On 15 April, Twitter's board deployed a financial emergency tool: the poison pill. The poison pill, also known as a temporary shareholder rights plan, asked shareholders to increase their investment in Twitter to reduce Musk's ability to grow his stake to a controlling interest. In any attempt to increase his stake to over 15 per cent, Musk had to negotiate with Twitter's board.
Triggering the poison pill prevented the quick hostile takeover, but Musk's offer was never off the table. On 21 April, Musk outlined how he planned to raise the $44 billion in cash to match his offer.
Morgan Stanley and other companies offered to back Musk's bid while he would pay around $21 billion from his estimated $263 billion fortune. The filing put meat on the bones of the previously speculative offer - and showed how serious Musk was about taking Twitter private.

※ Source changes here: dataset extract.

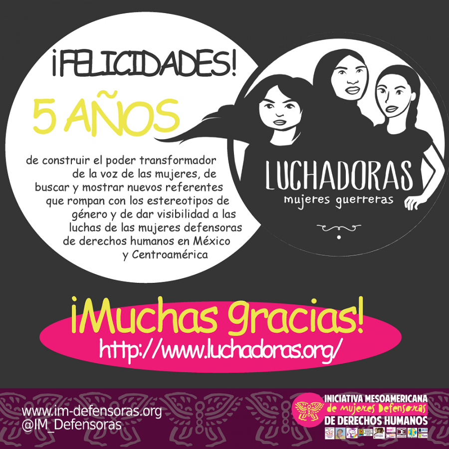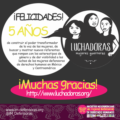 Felicidades a Luchadoras por sus 5 años de construir el poder transformador de la voz de las mujeres, de buscar y mostrar nuevos referentes que rompan con los estereotipos de género y de dar visibilidad a las luchas de las mujeres defensoras de derechos humanos en México y Centroamérica.

The confirmed funding reportedly prompted some Twitter shareholders, who had been somewhat hostile to Musk, to ask the company to hear him out. Meetings were reportedly held over the weekend, and Twitter's board met on 25 April to recommend the deal to shareholders. It was a swift and surprising turnaround.
"On Friday, there was so much scepticism and cynicism, and now it almost looks like the deal is sealed," says Vasant Dhar, a professor of information systems at NYU Stern. Musk's quick action has left other potential bidders playing catch-up. But the deal seems to have passed the money test, at least for Twitter's board, because "the board's fiduciary responsibility is to get the most value for shareholders," says Galpin. "Of course, there is the question of what he will do with the company when he takes control of it. He has to do more than add an edit button.

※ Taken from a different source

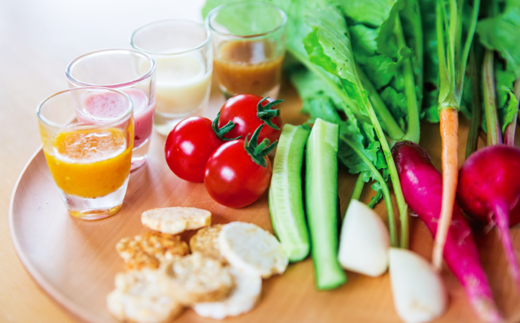 全9種類(人参味噌、りんご梅干、ミニトマト、りんご豆乳、黄人参豆乳、葡萄と林檎のフルーティ、にんにく胡麻味噌、玉ねぎ黒胡椒、辛長ねぎドレッシング)
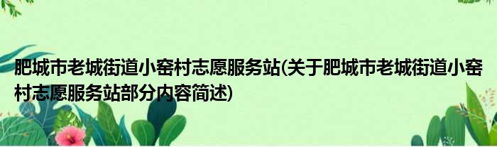 肥城市老城街道小窑村志愿服务站(关于肥城市老城街道小窑村志愿服务站部分内容简述)

Taking the company private would allow Musk to make the changes he wants quickly without answering the public markets. "I also want to make Twitter better than ever by adding new features to the product, making the algorithms open source to increase trust, defeat spam bots, and authenticate all people," Musk wrote in Monday's press release.
"I think he did it brilliantly," Dhar said. "You might have expected the reaction: 'Musk is a megalomaniac and is only doing this to make his mark'. But I think there's much more to it than that."
The authorities may scrutinise the purchase. While it is unlikely that there will be antitrust concerns, the Securities and Exchange Commission could still take issue with Musk's disclosures.
"They could ask a court to enjoin the transaction because he did not file properly," Pritchard says. "He did not file his first investment on time; then he filed the wrong form because he intended to influence management all along," he suggests.
But this would require proving the damage caused by these breaches. Shareholders could file private lawsuits but would probably only succeed in getting Musk more money for the deal. And it is unlikely that SEC will stop the transaction because of the damage it could do to shareholders.
It seems that Elon Musk will almost inevitably take control and ownership of Twitter - changing the face of the platform. For some of Twitter's millions of users, this is a welcome development, giving them more freedom to say and do what they want. For others, it is a worrying development with potentially chilling consequences. For shareholders and Musk himself, it looks rosy.
"Shareholders will feel they have won; Musk has got what he wanted," says Galpin. "He has control of the company, not at an exorbitant price, but not at a low price. Nobody screwed the other guy over, and nobody lost.